Posted on August 7, 2013 03:22 by Marc Zimet

The Patient Protection and Affordable Care Act, otherwise known as “Obamacare,” is scheduled to go into effect on January 1, 2014. Once in effect, it will drastically alter the manner in which health insurance is purchased and brokered in California. To comply with the Act, California is required to establish a health insurance exchange, allowing individuals and small businesses to purchase health insurance at competitive rates. This exchange is set to begin operation January 1, 2014. In order for brokers to participate in the exchange, they must first prove compliance with new federal and state rules and regulations.

California has been actively working towards creating new rules and regulations which will govern how brokers operate in the state. However, it appears that while federal law has its own set of regulations, California may be on its way towards creating stricter and more rigid regulations, placing a higher burden on the broker.

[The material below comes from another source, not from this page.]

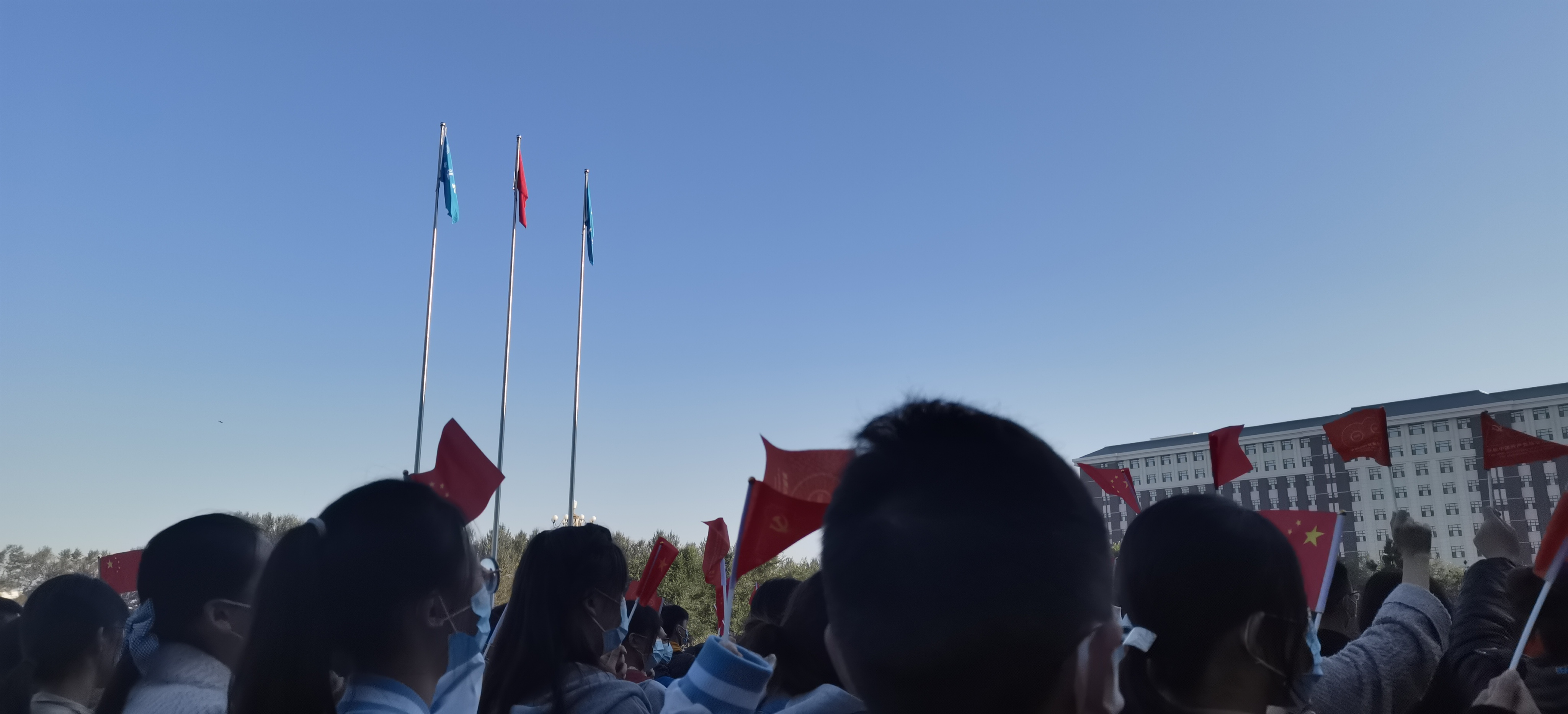 校旗在激昂的校歌声中缓缓上升,飘扬在蓝天之间。升旗礼毕,全体师生挥舞着手中的国旗并深情合唱《歌唱祖国》。

Obamacare has created different roles for brokers by which they may participate in the exchange: they may enroll as a “Navigator” or “Assister.” To enroll, it is most likely that brokers will be required to complete a short training and pass a certification test. Navigators will assist consumers in applying for health insurance and will receive compensation directly from the exchange for individuals they enroll. They do not have to be licensed agents or brokers. According to the National Association of Health Underwriters, this designation is not without its problems. It claims the distinction between advising clients regarding qualified health plans and simply aiding clients through the enrollment and eligibility process is unclear and, furthermore, it is not known how this distinction will be overseen and enforced. Additionally, there are no guidelines in place requiring Navigators to inform clients of non-exchange insurance plans, and the likelihood of fraud in this area is high.

Assisters are more akin to the traditional insurance broker and must, in fact, be licensed. An Assister will receive payment from third party health insurance carriers for enrolling individuals in the exchange. While a broker may choose to enroll as either a Navigator or Assister, if one chooses to enroll as a Navigator, one will be subject to compensation constraints and may only receive compensation directly from the exchange.

In addition to the new roles for brokers, the Act will only permit “qualified health plans” to be sold on the exchange, which must comply with federal and state rules. For example, federal law requires that such policies cover ten “essential health benefits” such a hospital stays, maternity care, pediatric care, and dental and vision. Federal law, in attempt to create more flexibility, excepts state exchanges from including dental coverage for children so long as it offers at least one pediatric dental plan. However, California has chosen to deny insurers the ability to combine medical and dental policies, requiring them to be offered separately; only one plan combining medical and pediatric dental has been approved. Any broker who chooses to participate in the exchange may sell policies outside of the exchange, on the condition that all policies be qualified health plans.

The date the new laws take effect is fast approaching. Brokers should utilize the remaining months to familiarize themselves with the minimum requirements for qualified health plans, as well as the compensation limits for Navigators and Assisters. The health insurance industry is changing quickly with brokers at the heart of the change. It is imperative for brokers to understand the changes about to occur so that they can not only stay abreast of the changes in their practice, but ensure compliance with the new rules and regulations.